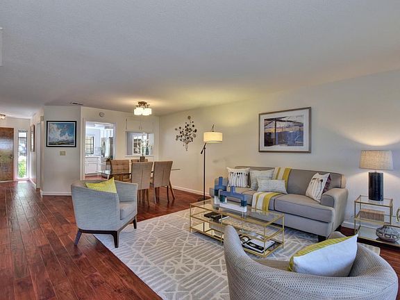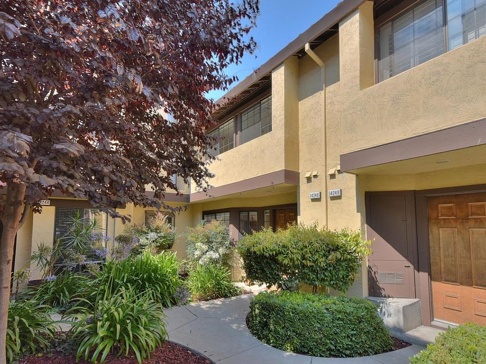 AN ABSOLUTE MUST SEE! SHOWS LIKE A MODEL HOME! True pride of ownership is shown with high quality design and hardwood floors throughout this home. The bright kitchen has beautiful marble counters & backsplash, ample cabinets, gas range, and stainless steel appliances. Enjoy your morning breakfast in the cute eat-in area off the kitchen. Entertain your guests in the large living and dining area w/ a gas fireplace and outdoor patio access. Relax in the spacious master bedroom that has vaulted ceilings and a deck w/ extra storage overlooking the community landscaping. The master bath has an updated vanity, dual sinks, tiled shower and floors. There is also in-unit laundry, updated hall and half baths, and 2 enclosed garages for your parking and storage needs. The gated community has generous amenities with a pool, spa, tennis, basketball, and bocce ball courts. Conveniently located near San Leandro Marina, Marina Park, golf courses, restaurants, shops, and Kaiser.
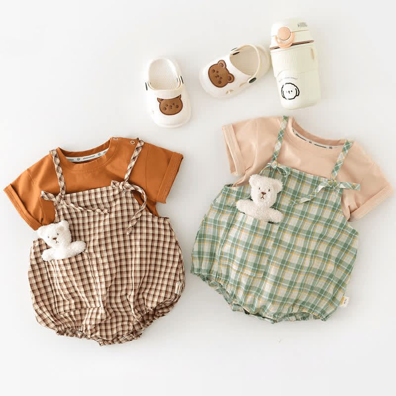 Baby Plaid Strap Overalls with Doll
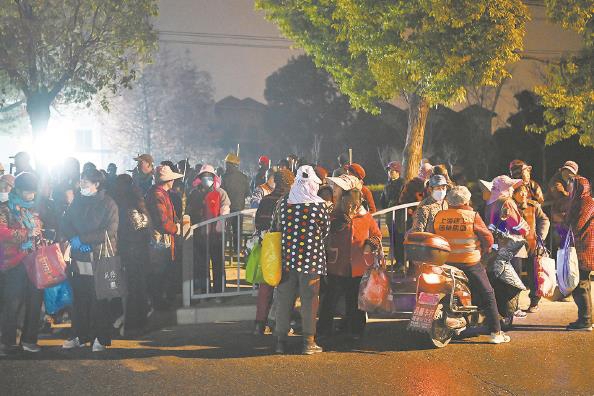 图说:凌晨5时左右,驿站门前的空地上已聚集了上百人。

━━━━━━━━━━

◆ **Directions**: The expected result is the complete listing above, printed exactly, with no pictures.

◆ **Solution to this exercise**:
 AN ABSOLUTE MUST SEE! SHOWS LIKE A MODEL HOME! True pride of ownership is shown with high quality design and hardwood floors throughout this home. The bright kitchen has beautiful marble counters & backsplash, ample cabinets, gas range, and stainless steel appliances. Enjoy your morning breakfast in the cute eat-in area off the kitchen. Entertain your guests in the large living and dining area w/ a gas fireplace and outdoor patio access. Relax in the spacious master bedroom that has vaulted ceilings and a deck w/ extra storage overlooking the community landscaping. The master bath has an updated vanity, dual sinks, tiled shower and floors. There is also in-unit laundry, updated hall and half baths, and 2 enclosed garages for your parking and storage needs. The gated community has generous amenities with a pool, spa, tennis, basketball, and bocce ball courts. Conveniently located near San Leandro Marina, Marina Park, golf courses, restaurants, shops, and Kaiser.
 Baby Plaid Strap Overalls with Doll
 图说:凌晨5时左右,驿站门前的空地上已聚集了上百人。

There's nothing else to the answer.